It’s easy to believe all the people you know who are just getting back from their run as you stumble bleary-eyed to the coffee maker are born morning people. If you took an informal poll of the runners in your life, though, I think it would surprise to you to find out there are a lot of reluctant morning runners out there, getting their miles done before they even realize what they’re doing. It is possible to become a morning runner, even when every fiber of your being cries out when the alarm goes off in the early hours. (If you remember, the short answer to ‘When’s the best time to run?’ is ‘Whenever you can.’)
This post is inspired by me needing to get my butt in gear and get back in a morning running routine. It’s been a long stretch of Fran working from home, being unemployed for a few months, then looking for a job (which he didn’t start until a month after accepting). Know what that meant for me? I could go running any old time I wanted. Afternoon nap time for the boys? No problem, Daddy was home. Early evening before dinner? He had it covered for me. Now, the harsh reality has come crashing back down on me and if I’m not out getting my run done early in the morning, it’s not going to happen.

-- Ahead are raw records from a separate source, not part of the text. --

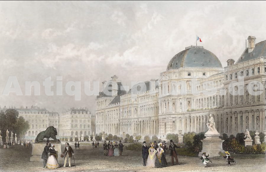Paris. Steel engraving "from original drawings taken under the direction of A. Pugin, the engraving executed under the superintendence of C. Heath". Engraved by J. Redaway. 1831. Good condition. No title under the plate. Hand-coloured. 14,5x9cm. Matted.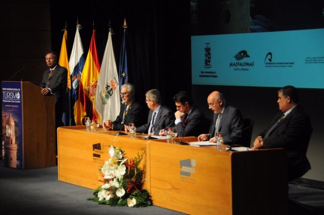 Soria ha inaugurado hoy el tercer Foro Internacional de Turismo de Maspalomas, en un acto al que también asistieron el rector de la Universidad de Las Palmas de Gran Canaria, José Regidor, y el alcalde de San Bartolomé de Tirajana, Marco Aurelio Pérez.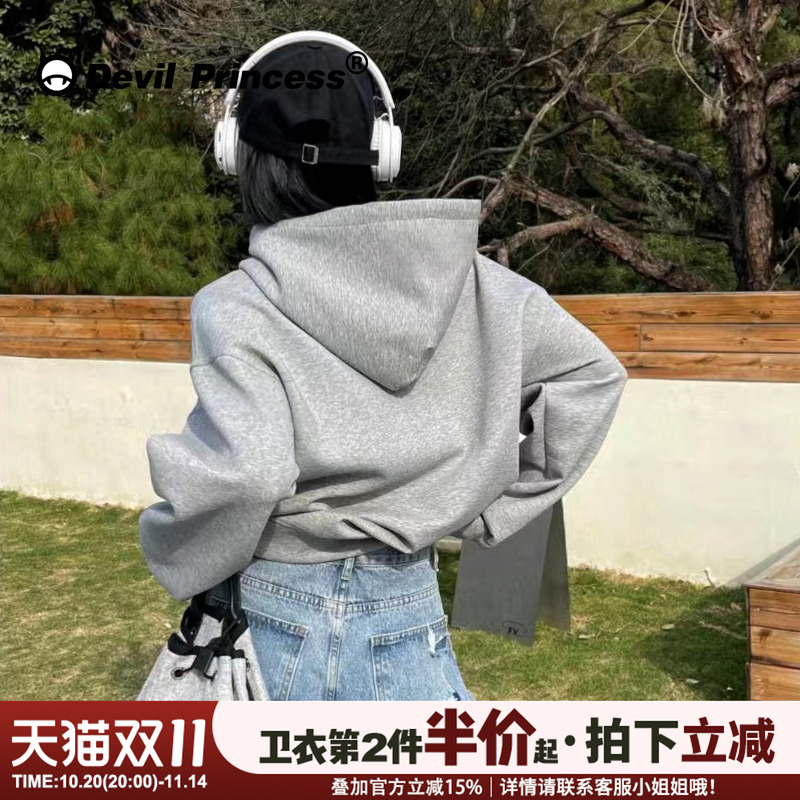 高级感灰色帽衫卫衣女宽松韩版百搭超火小个子韩风通勤外套ins潮

The one thing I have going for me is that I used to be exclusively a morning runner, way back when I had an office job, so I remember how good it feels to start the day early, get your workout done and have the whole day full of energy. I also remember from training for the marathon getting up at an unreasonable hour on a weekend to get my three or four hour long run done, wanting to be home for breakfast to squeeze in all the family time I could (and possibly assuage some of the mother runner guilt). So I know being a regular morning runner is possible. I know it’s a good thing. I know it will work perfectly for our new routine. But I still need my own running tips on how to become a morning runner!
I know you’ve read the tip to lay out your gear the night before. And it works. You do not want to be looking for a pair of socks or your GPS watch in the early morning hours, when it’s dark (and way too early) and you’re cranky and tired. Setting everything up ready to go is key to making this a success.
Now – you need to choose your ‘staging area’. (That’s an inside joke with my cousin Ann – she used to get annoyed if anyone would leave random items in her designated ‘staging area’ at the holidays. Hi Ann!) What do I mean by staging area? I mean, forget having all your running gear in your closet in your bedroom. My new staging area is a small cupboard by the front door. I have running clothes and workout gear in it, my shoes are tucked underneath and – importantly – it’s right next to an outlet where my Garmin charger is plugged in, so it’s there ready when I go out to run and I can put it back on the charger as soon as I walk in the door on my return. Just remember to replenish fresh clothes for the next time you head out.
If you want to get crazy about it, you could even have a basket or hamper right there so you can literally strip off and head to the shower the moment you get in the front door.
For me it’s a no-brainer, coffee. But I don’t want to come home and have to make it from scratch when both boys are going to be clamoring for my attention (and in Baby T’s case, for my boobs) and cut in on my already all-too-brief shower time. So I get it prepared the night before – grind the beans, fill the water -so all I need to do is hit the on button when I walk through the door. Back when I was training for my first marathon in 2010, the reward was getting warm bagels on my way home from my long run on a weekend (shout out to Bergen Bagels in Prospect Heights!) Whatever your reward, make it good enough that the thought of it will power you through the tough miles.
When you’re done with your big goal races for the year, but you still want to be out there running, it’s tempting to just go out for a run without any kind of training plan in mind. Even when you’re not officially in training for something, though, it’s so helpful from a motivation standpoint to have a plan to follow. It may be specific workouts, or your weekly plan could be a little looser, like a long run day, a speed-work day and a few easy runs sprinkled in. Knowing what you want to get done before you leave can motivate you to get out the door, especially if you’re the Type A kind of person who would not want to miss the chance to put a big check mark next to a completed workout.
I am a night owl. It is not conducive to morning running. If you’re reading this because you need to run early and really don’t want to, I feel your pain. If you’re a night owl like me, you can at least take steps to ensure you get out the door without feeling like a zombie in the morning.
First, quit the alcohol habit. I’m never going to tell you not to have a glass of wine with dinner (I’m not a monster), but if you want to be out for a run at 6am, finishing the bottle isn’t going to help. Eat a healthy dinner the night before – sometimes that helps me to wake up feeling like a superstar healthy-all-the-damn-time kind of person and motivates me. Drink lots of water before bed – if you’re up early to pee, you may as well run too, right? Set your alarm and then put your phone (or clock if you’re old school) out of reach. Try setting your bedtime a little earlier over time – 5 or 10 minutes earlier every night won’t seem like a big deal at the time, but it will add up to more rest time given a couple of weeks.
These are the tips I’m relying on as I work my way back to a solid, regular morning training schedule. Especially now that the days are shorter, it gives me that much more incentive to head out before my day really begins. Sometimes those last minutes I have, when I’m stretching out, before heading inside to greet my boys and start the day, are like a mini-meditation for me, a time that’s just my own. I know that feeling, I remember that feeling and I’m looking forward to it being a regular part of my day once again.